Raval’s research focuses on how PTEN haploinsufficiency alters neural progenitor cell behavior in a donor-specific manner, particularly through changes in cell cycle dynamics, self-renewal, and differentiation programs. By integrating single-cell RNA sequencing with donor-level analyses, she aims to define distinct response patterns that explain why some individuals exhibit more pronounced developmental effects than others. She will further investigate how these early differences influence downstream neuronal and glial development, linking stem cell behavior to later developmental outcomes. Overall, her work takes a precision stem cell biology approach, treating interindividual variation as a key biological signal. By identifying genetic modifiers of PTEN-associated neurodevelopment, this research aims to bridge the gap between genetic risk and cellular mechanisms underlying ASD.
Trainee Statement: I am truly honored and grateful to receive the SCRMC Graduate Training Award. This recognition comes at an important stage in my PhD and provides meaningful support to continue pursuing my research at the intersection of stem cell biology, genetics, and neurodevelopment.

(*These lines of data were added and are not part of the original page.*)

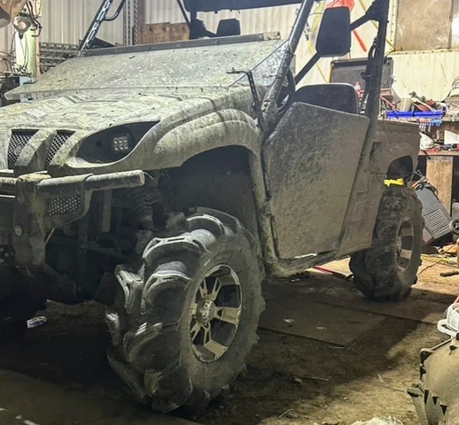 Yamaha Rhino 660 side by side, 4x4, diff lock, fresh 686 top end with low miles, hard to find half doors, look close at those near brand new 27 inch tires, lift kit, stereo with overhead speakers, winch on front, 2" rear receiver hitch, dump bed.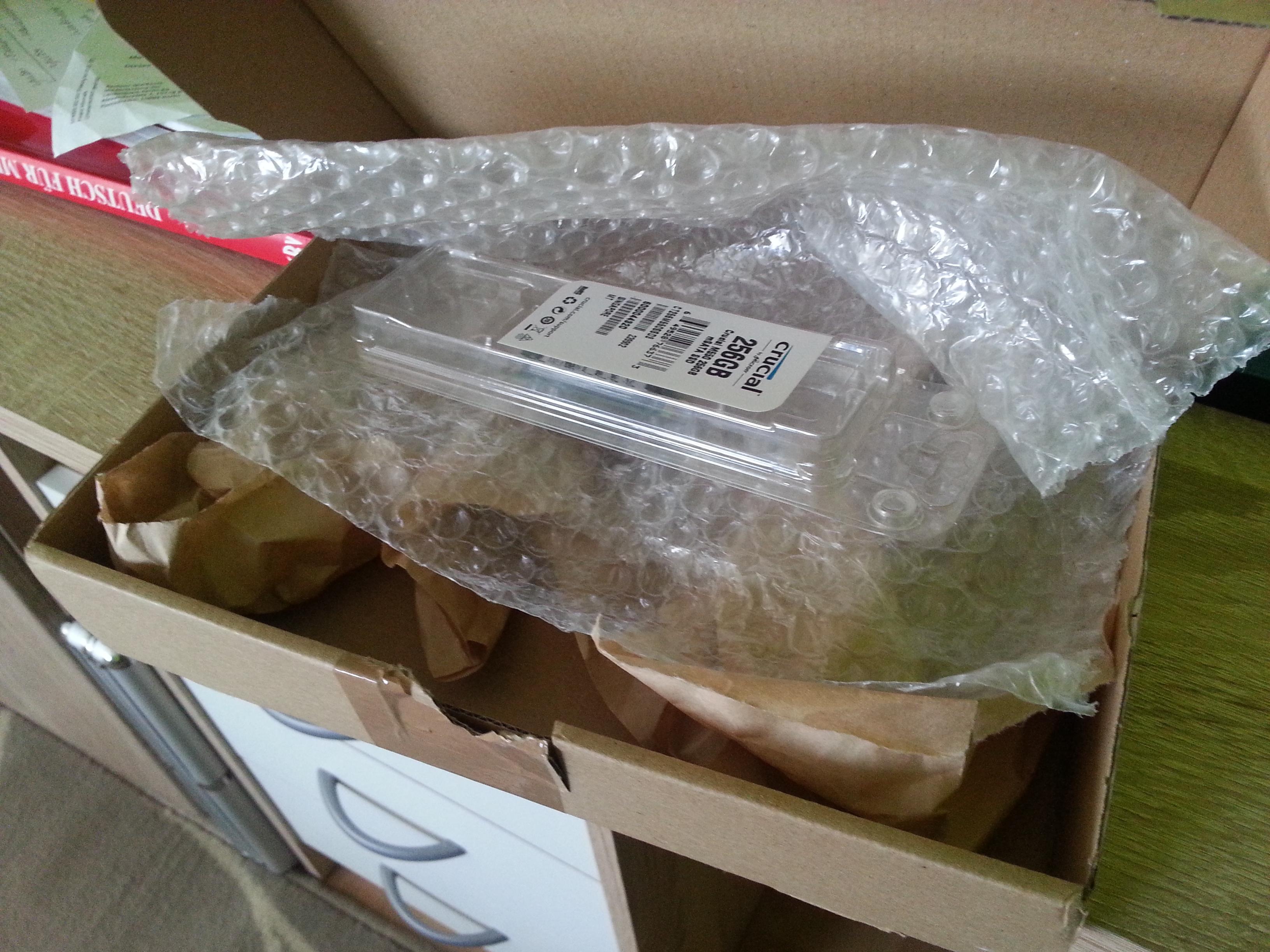 da meine SSD-Festplatte (mSATA SSD) einen Fehler hat, wird sie zurück an den Verkäufer geschickt. Die Originalverpackung habe ich zwar wieder gefunden, doch obwohl diese Mini-Plastikschachtel sehr schmal ist, ist die SSD innerhalb dieser dennoch lose und könnte beim Transport etwas hin und her geschleudert werden. Diese kleine Plastikschachtel würde ich zwar innerhalb eines Kartons, geschützt mit Papier und Luftpolster schonend lagern, aber da wo die SSD selbst gelagert, bereitet mir Sorgen. Wie sie ursprünglich dort drin befestigt war, weiß ich leider nicht mehr. Hat jemand eine Idee, wie ich es machen kann bzw. wo ich sie sicher reinlegen und befestigen könnte?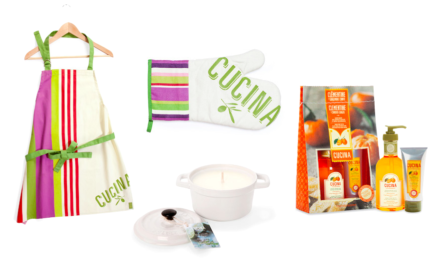 If you’re unfamiliar, Cucina is Fruits & Passion’s line of kitchen-friendly goodies that channel the aromas of fine culinary concoctions – like Lime Zest and Cypress or my personal favourite, the holiday-appropriate Clementine & Candied Ginger. This year you can sample a huge range of Cucina products, including actual kitchen basics for $10 or less like a colourful apron, insulated oven mitts, and wooden spoons – all of which complement the full line of soap and hand lotion gift sets and individual products for a truly inspired self-created gift set.

I have always been fascinated by stem cells as a tool to study human biology. Their ability to model complex developmental processes in a controlled system allows us to ask questions that would otherwise be inaccessible. What particularly draws me to this field is the highly orchestrated nature of early brain development, how neural stem cells proliferate, differentiate, and organize into complex structures with remarkable precision. Understanding what governs this process, and what drives variation between individuals, strongly motivates my work. The SCRMC community provides a uniquely interdisciplinary environment that is essential for this type of work. Through this award, I am excited to further develop skills in stem cell modeling, single-cell genomics, and integrative analysis, while also engaging with researchers across diverse areas of regenerative medicine. This award supports my current research and reinforces my long-term goal of continuing to explore fundamental questions in human development using stem cell-based systems. I am excited to keep learning, asking new questions, and contributing to a deeper understanding of how genetic variation shapes the developing brain and to be part of a community that values that work.